SHALAT SAAT TERJADI BENCANA
Oleh
حَدَّثَنَا
الأَزْرَقُ بْنُ قَيْسٍ قَالَ: كُنَّا بِالأَهْوَازِ نُقَاتِلُ الْحَرُورِيَّةَ
فَبَيْنَا أَنَا عَلَى جُرُفِ نَهَرٍ إِذَا رَجُلٌ يُصَلِّي، وَإِذَا لِجَامُ
دَابَّتِهِ بِيَدِهِ فَجَعَلَتِ الدَّابَّةُ تُنَازِعُهُ وَجَعَلَ يَتْبَعُهَا
Al-Azraq bin Qais menceritakan: "Kami pernah
berada di daerah Al-Ahwaz memerangi kelompok Haruriyyah. Ketika aku berada di
tepian sungai ada seseorang yang sedang mengerjakan shalat sementara dia tetap
memegang tali kekang tunggangannya. Maka hewan tunggangannya mengganggunya
dengan bergerak kesana kemari hingga ia mengikuti kemana gerak hewannya
itu" (HR.
al-Bukhari No. 1211).
Status Hadis
Hadis tersebut
dinilai sahih oleh Imam al-Bukhari dalam Shahih al-Bukhari No. 1211. Beberapa
ulama Hadis yang juga meriwayatkan hadis tersebut adalah Imam Ahmad dalam Musnad
Ahmad No. 19770, Imam al-Bayhaqi dalam Sunan al-Bayhaqi No. 3249, Imam Ibn al-Atsir dalam Jami’ al-Ushul No. 3719, Imam
al-Nawawi dalam Khulasat al-Ahkam No. 1725, dan al-Mizzi dalam Tuhfat
al-Asyraf No. 11953. Al-Albani juga menilai hadis tersebut sahih
(al-Albani, al-Silsilah al-Shahihah al-Kamilah, III/387).
Kandungan Hadis
Hadis tersebut
menjelaskan tentang seorang sahabat Nabi yang bernama Abu Barzah Al-Aslamiy yang sedang melaksanakan shalat di tepi sungai. Saat sedang salat beliau
sambil memegang tali kendali hewan untanya. Tiba-tiba untanya lari ke sana
kemari, dan beliau terpaksa mengikuti gerak hewannya. Ia membatalkan shalatnya.

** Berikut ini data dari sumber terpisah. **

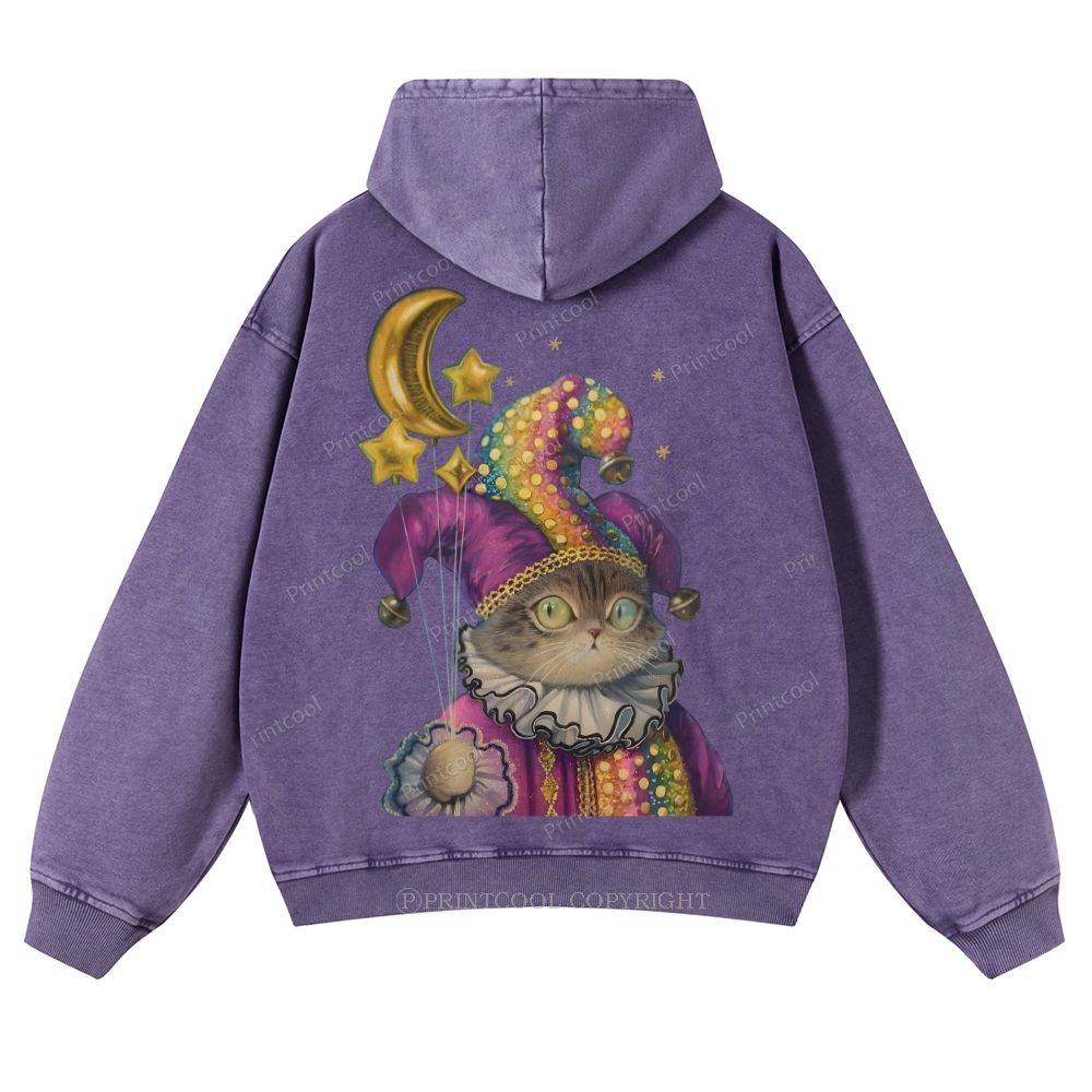 Magic Cat Illustration Casual Washed Hoodie

Dalam redaksi yang lengkap telah diriwayatkan oleh al-Bukhari dalam kitab al-Sahih
sebagai berikut:
حَدَّثَنَا الْأَزْرَقُ بْنُ قَيْسٍ قَالَ كُنَّا
بِالْأَهْوَازِ نُقَاتِلُ الْحَرُورِيَّةَ فَبَيْنَا أَنَا عَلَى جُرُفِ نَهَرٍ
إِذَا رَجُلٌ يُصَلِّي وَإِذَا لِجَامُ دَابَّتِهِ بِيَدِهِ فَجَعَلَتْ
الدَّابَّةُ تُنَازِعُهُ وَجَعَلَ يَتْبَعُهَا قَالَ شُعْبَةُ هُوَ أَبُو بَرْزَةَ
الْأَسْلَمِيُّ فَجَعَلَ رَجُلٌ مِنْ الْخَوَارِجِ يَقُولُ اللَّهُمَّ افْعَلْ
بِهَذَا الشَّيْخِ فَلَمَّا انْصَرَفَ الشَّيْخُ قَالَ إِنِّي سَمِعْتُ قَوْلَكُمْ
وَإِنِّي غَزَوْتُ مَعَ رَسُولِ اللَّهِ صَلَّى اللَّهُ عَلَيْهِ وَسَلَّمَ سِتَّ
غَزَوَاتٍ أَوْ سَبْعَ غَزَوَاتٍ وَثَمَانِيَ وَشَهِدْتُ تَيْسِيرَهُ وَإِنِّي
إِنْ كُنْتُ أَنْ أُرَاجِعَ مَعَ دَابَّتِي أَحَبُّ إِلَيَّ مِنْ أَنْ أَدَعَهَا
تَرْجِعُ إِلَى مَأْلَفِهَا فَيَشُقُّ عَلَيَّ.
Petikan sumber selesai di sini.